Adding a deck to your garden will provide both a focal point and a place to enjoy in good weather. If carefully constructed, it can also add value to your house. Decking isn’t suitable for shady areas however. When constructing, always use pressure-treated soft wood or hardwood.

What you need:

  1. Pegs and string
  2. Weed-suppressant membrane
  3. Graph paper and pencil
  4. Spade
  5. Decking boards 28mm x 145mm (1 1/8in x 5 1/2in)
  6. Joists ledger & noggins 47mm x 150mm (2in x 6in)
  7. Screws & nails
  8. Fine-toothed saw
  9. Hammer & screwdriver
  10. 6mm (1/4in) spacers

Planning

For your deck to be successful, consider the following:

  • Size: Mark out the proposed area and lay out your furniture to see if is large enough.
  • Location: Choose a position to catch the sun at the times of day when you will want to use the deck. South-westerly facing is usually a good choice but also consider the outlook, whether you will be overlooked, and the prevailing winds. Avoid any drains, underground pipework and cables.
  • Check to see whether planning permission is required.
  • Draw a scale plan and calculate the materials you will need.

Tip: This guide describes the construction of a simple rectangular deck attached to the house, but you could consider wrapping a deck around the corner of your house, around a tree, or siting it away from the house completely.

Step 1: Preparing the site

Clear away vegetation to prepare the site, then mark out the area with pegs and string, making sure it’s square.

Cover the area with a weed-suppressant membrane and grit over top to anchor it in place.

Tip: If you want to place your decking area on sloping land, make sure it is a very gentle slope (no more than 1 in 120).

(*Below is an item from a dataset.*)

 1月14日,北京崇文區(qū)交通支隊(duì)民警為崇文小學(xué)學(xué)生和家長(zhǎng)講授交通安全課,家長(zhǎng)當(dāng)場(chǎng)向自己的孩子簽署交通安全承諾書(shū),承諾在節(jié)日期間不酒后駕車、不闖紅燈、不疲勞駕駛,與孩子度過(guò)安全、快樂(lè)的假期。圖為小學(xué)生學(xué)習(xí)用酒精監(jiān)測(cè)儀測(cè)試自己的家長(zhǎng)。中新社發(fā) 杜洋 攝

Step 2: Attaching a ledger to the house

Attach a ledger joist to the wall using spacers for ventilation and drainage. This sets the height for your deck which must be at least 150mm (6in) below the damp proof course (DPC).

Fix securely as the ledger is load-bearing – the best method will vary according to your property’s construction so seek advice.

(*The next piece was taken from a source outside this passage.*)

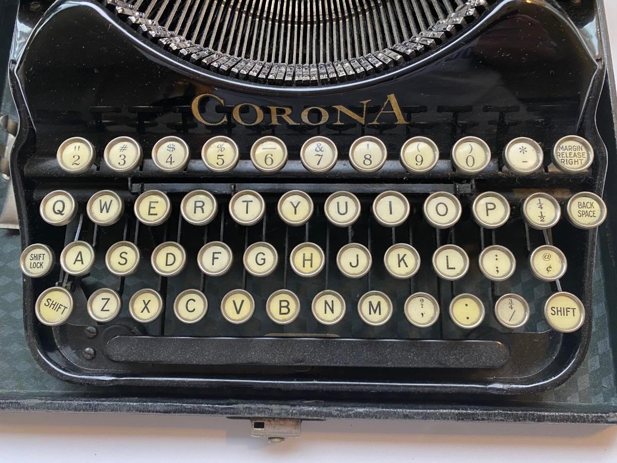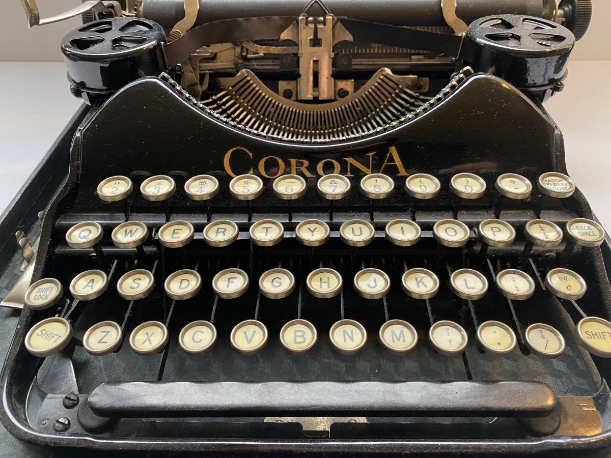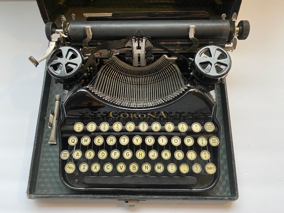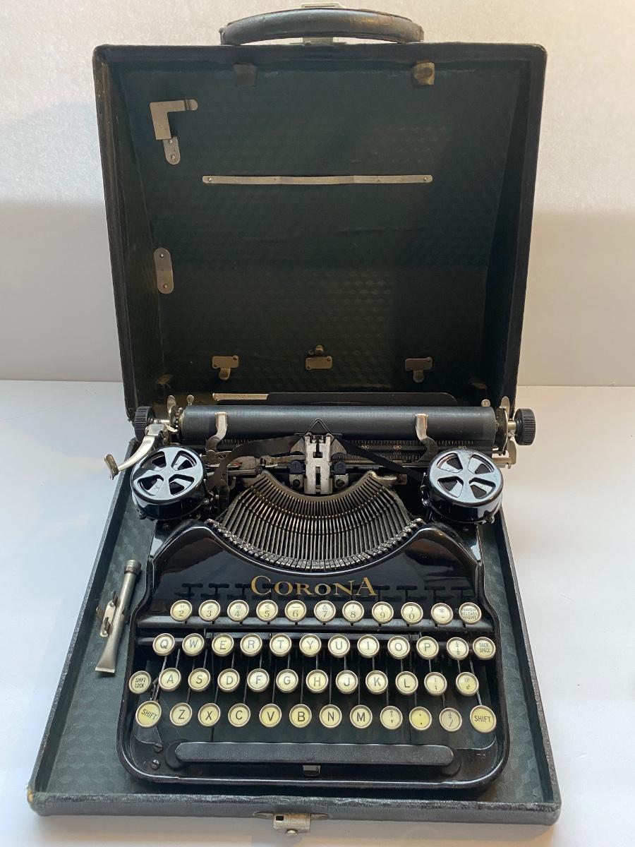 Vintage 1927 Corona typewriter. Comes with case. Please see all pictures as they are the best representation of the items. The pictures show condition, measurements if taken, and what is included in the lot. Due to the large amount that we photograph and the time frame, we are not always able to take measurements. All items unless noted, are pre-owned and have been used. If you purchased furniture, you must bring help. We do not allow one person to carry large furniture out on their own. Bring help, tools and a truck for the safety of our client’s homes, and your personal safety. Any damages that result to the property including walls, and floors due to moving of the furniture will be charged to the buyer. Company policy. Thank you.

Step 3: Constructing the framework

Attach a joist at each end of the ledger using angle brackets or galvanised joist hangers and check that they are square.

Fix supporting slabs at the ends of these joists, to hold them level. Lay on 100mm (4in) hardcore and 50mm (2in) sand, then mortar. Allow the mortar to harden while fixing other slabs in place to support other joists every 1.5m (5ft) intervals.

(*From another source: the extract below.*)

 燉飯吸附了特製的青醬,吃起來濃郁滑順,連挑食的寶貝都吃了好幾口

Fit joist hangers (using galvanised nails or screws in every hole) along the ledger at 400mm (16in) intervals. Join to a further joist at the other end to form a supporting beam parallel with the ledger. Check that construction is square and level at all stages.

Nail noggins 400mm (16in) apart between the joists to strengthen and stabilize the framework.

Fit a second joist onto the end joist for further strength and join with coach bolts.

Tip: It is possible to use posts on concrete foundations or fence post bases if you wish to raise the deck.

Step 4: Laying the decking

Decking is the most visible part so take care to line up all fixings and lay straight with equal gaps between boards. You can lay the decking boards diagonally or in other shapes (e.g. herringbone) but this exposes more cut ends with risks of splitting. Always use continuous lengths if possible.

Decking boards with an end grain are best. Lay this way up for reduced warping using two galvanised nails, screws or deck clips at every joist.

Use 6mm (1/4in) spacers or nails on each side of decking board to ensure consistent gaps.

Tip: If any boards need joining, butt together on top of joists.

Step 5: Finishing

Extend the boards over the edges of the side joists and cut straight when all are laid. If you want, use a fine-toothed saw to avoid splitting.

Fix on a facia board to cover the ends.

Tip: If using nails, tap the ends first so they are blunt to avoid splitting the decking. Always drill pilot holes for all screws and nails.